_Assignment_:
Reproduce exactly the run of lines that begins with the one containing "Add the fresh" and ends with the last line of the records, omitting pictures.
[Start of Attachment]
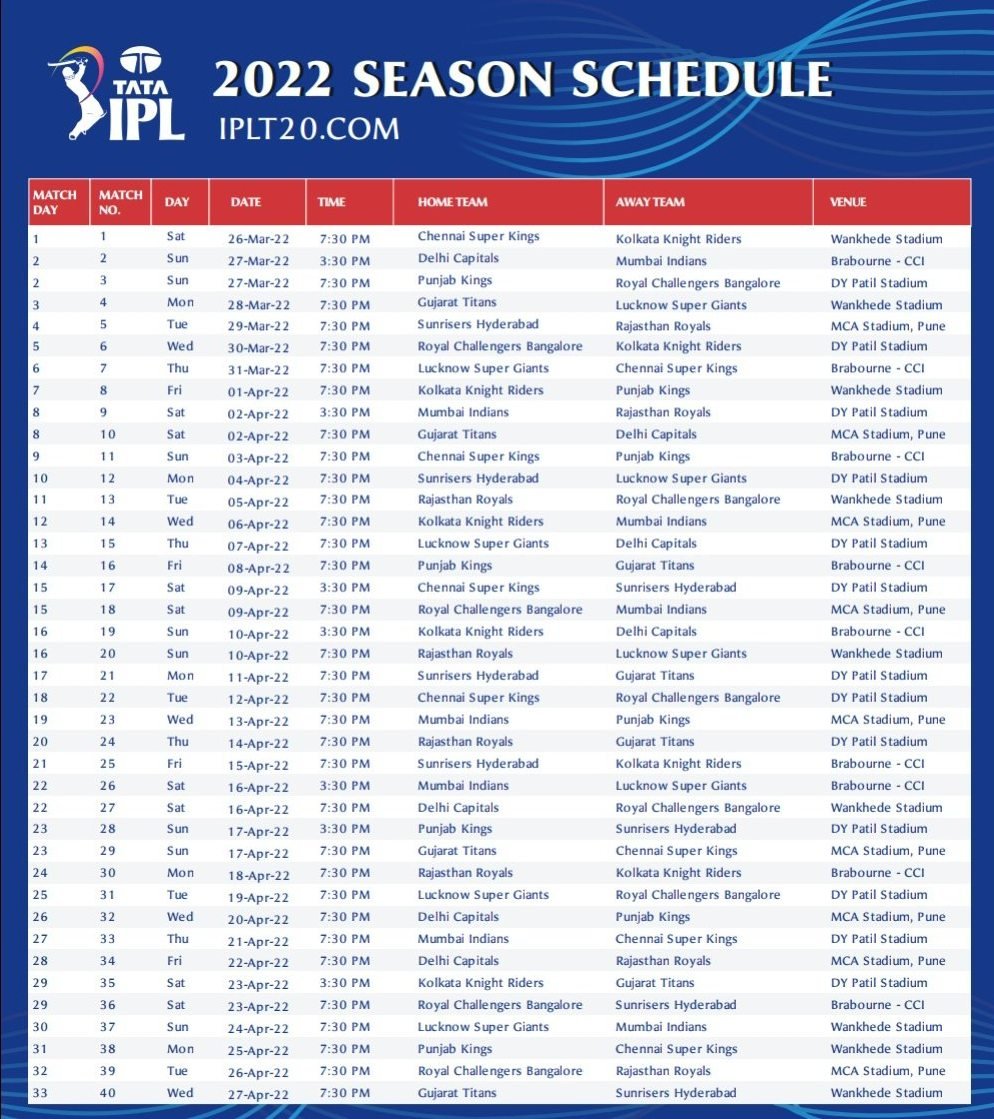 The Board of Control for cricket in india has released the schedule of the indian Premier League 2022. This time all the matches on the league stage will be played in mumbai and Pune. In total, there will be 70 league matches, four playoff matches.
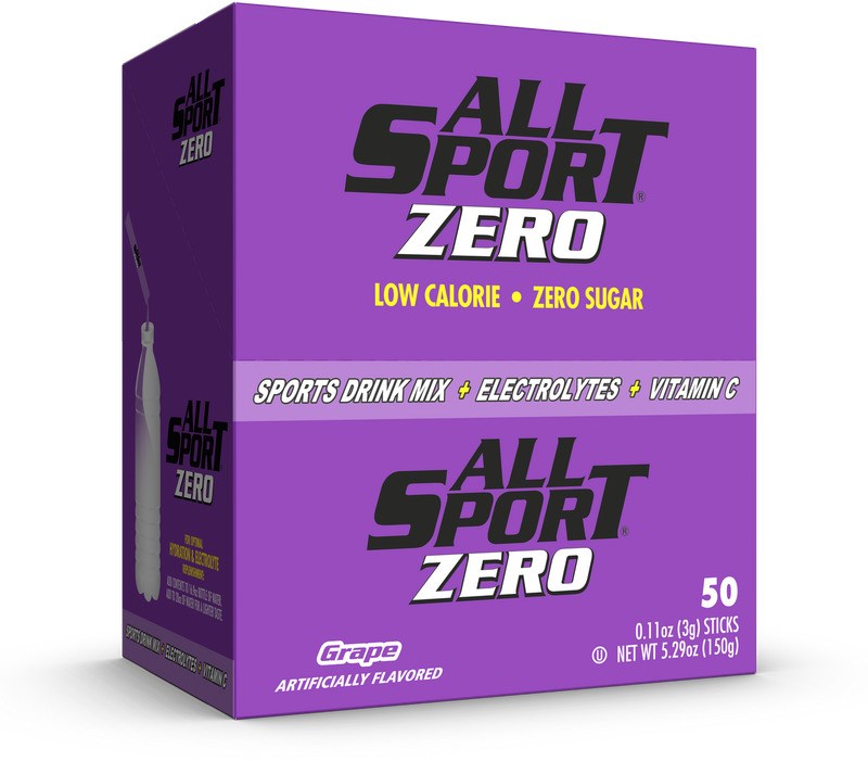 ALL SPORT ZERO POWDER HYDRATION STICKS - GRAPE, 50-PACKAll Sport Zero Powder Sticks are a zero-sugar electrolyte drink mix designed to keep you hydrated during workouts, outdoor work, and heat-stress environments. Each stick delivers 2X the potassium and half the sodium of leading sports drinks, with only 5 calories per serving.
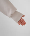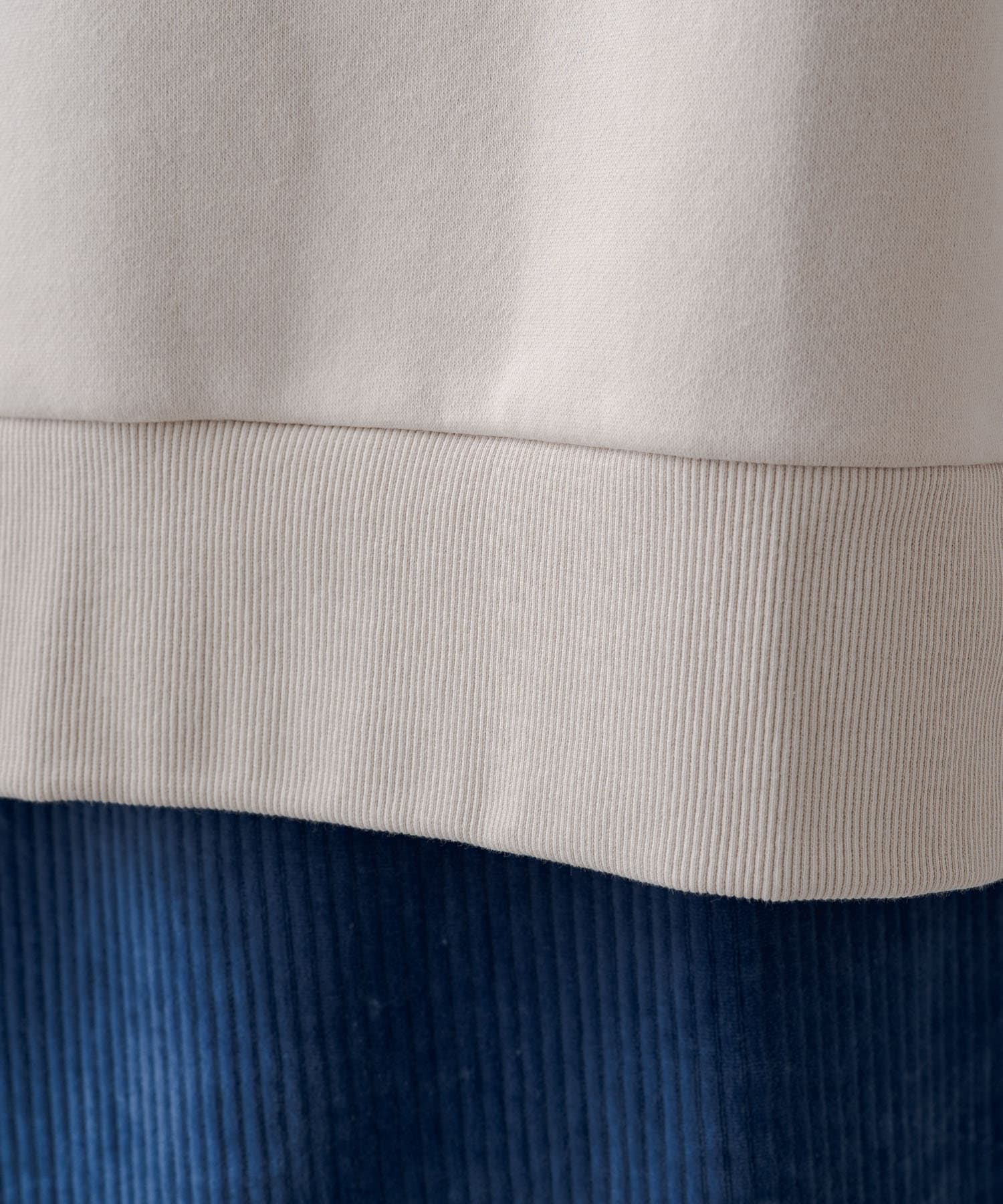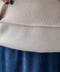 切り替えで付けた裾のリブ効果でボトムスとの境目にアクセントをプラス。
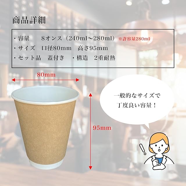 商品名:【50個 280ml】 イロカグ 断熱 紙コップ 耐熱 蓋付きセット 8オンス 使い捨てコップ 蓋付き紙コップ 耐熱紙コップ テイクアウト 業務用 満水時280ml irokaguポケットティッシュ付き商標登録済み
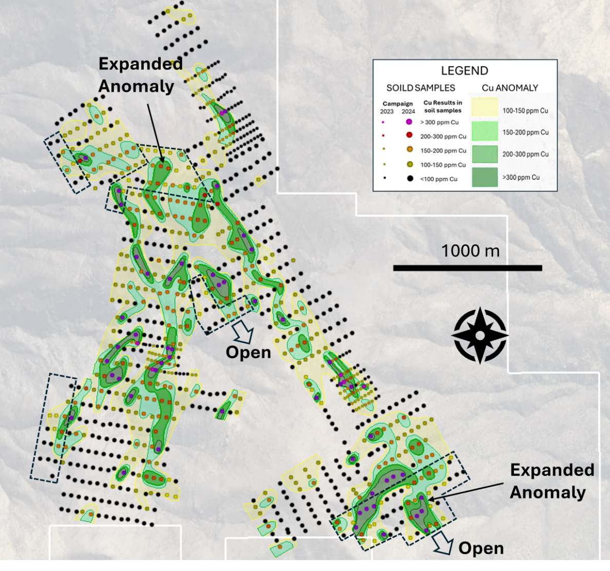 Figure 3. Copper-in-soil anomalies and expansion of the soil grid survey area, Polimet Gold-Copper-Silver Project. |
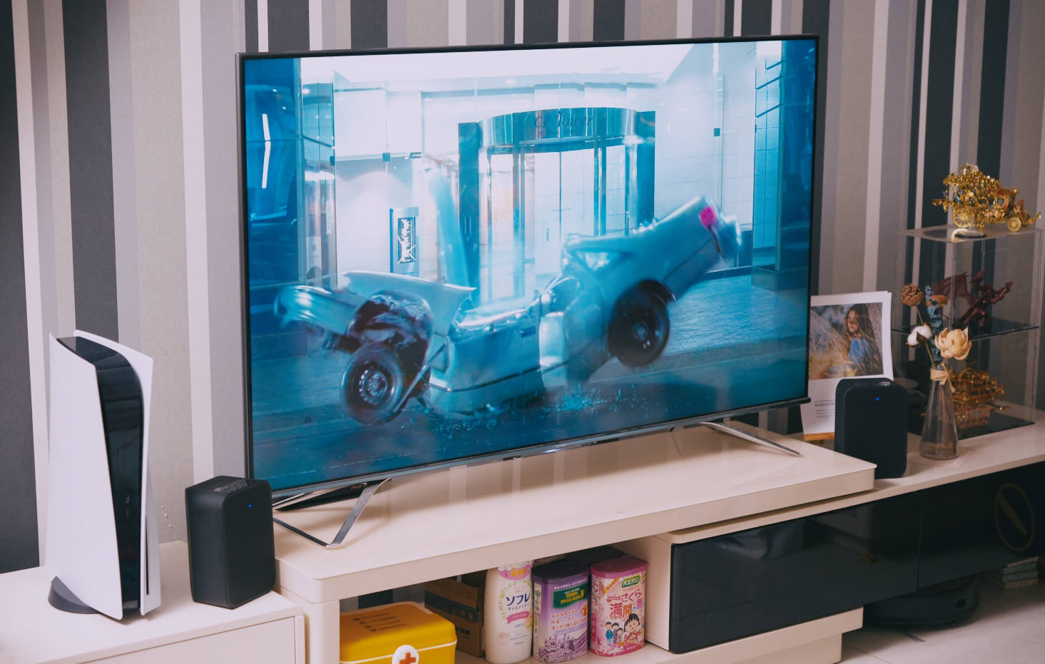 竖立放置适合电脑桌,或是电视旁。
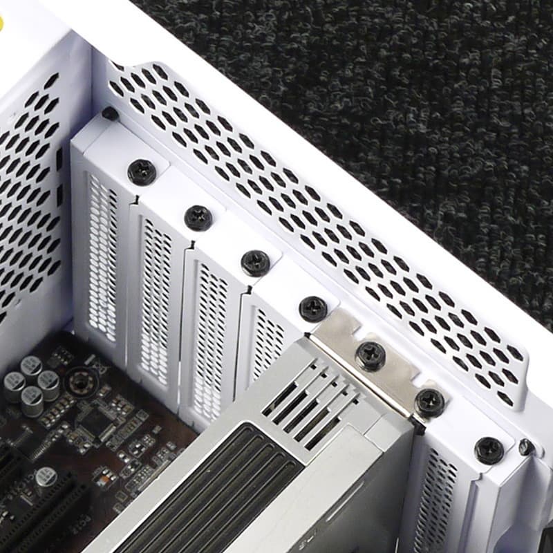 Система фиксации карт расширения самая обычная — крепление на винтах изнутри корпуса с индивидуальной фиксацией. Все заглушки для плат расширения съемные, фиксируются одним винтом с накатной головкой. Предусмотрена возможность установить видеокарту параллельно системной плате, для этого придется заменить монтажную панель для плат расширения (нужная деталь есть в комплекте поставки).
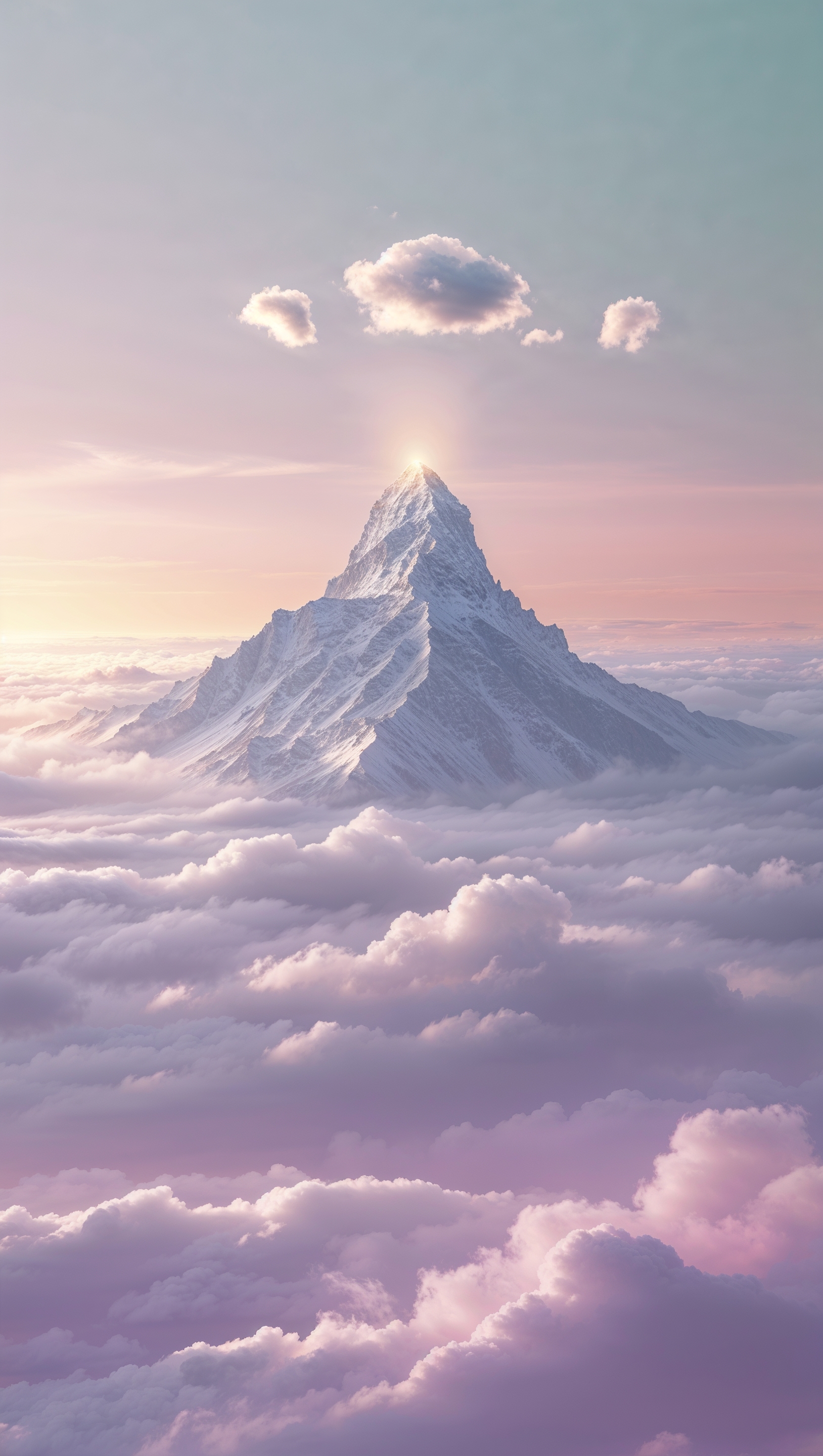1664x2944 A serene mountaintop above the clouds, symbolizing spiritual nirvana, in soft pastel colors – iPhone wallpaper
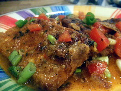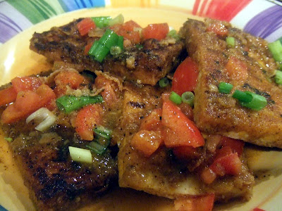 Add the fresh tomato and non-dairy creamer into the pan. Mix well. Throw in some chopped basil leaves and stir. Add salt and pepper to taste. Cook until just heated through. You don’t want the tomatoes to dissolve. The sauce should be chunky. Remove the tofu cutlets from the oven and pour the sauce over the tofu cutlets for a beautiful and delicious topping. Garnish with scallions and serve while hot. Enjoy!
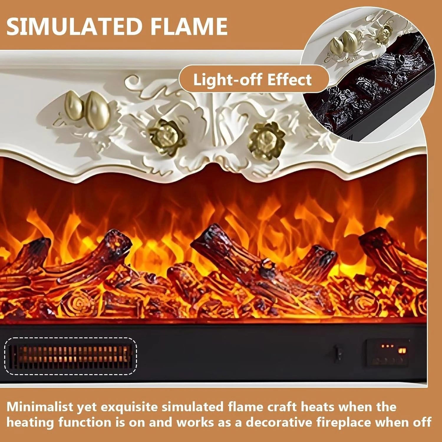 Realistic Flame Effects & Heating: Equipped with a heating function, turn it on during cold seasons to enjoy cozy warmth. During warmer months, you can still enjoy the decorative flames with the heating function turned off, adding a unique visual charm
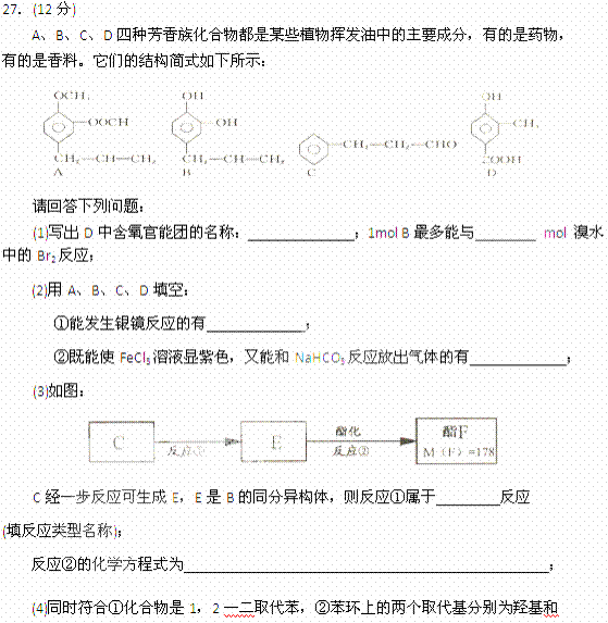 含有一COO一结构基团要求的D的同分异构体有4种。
[End of Attachment]
_Task output_:
 Add the fresh tomato and non-dairy creamer into the pan. Mix well. Throw in some chopped basil leaves and stir. Add salt and pepper to taste. Cook until just heated through. You don’t want the tomatoes to dissolve. The sauce should be chunky. Remove the tofu cutlets from the oven and pour the sauce over the tofu cutlets for a beautiful and delicious topping. Garnish with scallions and serve while hot. Enjoy!
 Realistic Flame Effects & Heating: Equipped with a heating function, turn it on during cold seasons to enjoy cozy warmth. During warmer months, you can still enjoy the decorative flames with the heating function turned off, adding a unique visual charm
 含有一COO一结构基团要求的D的同分异构体有4种。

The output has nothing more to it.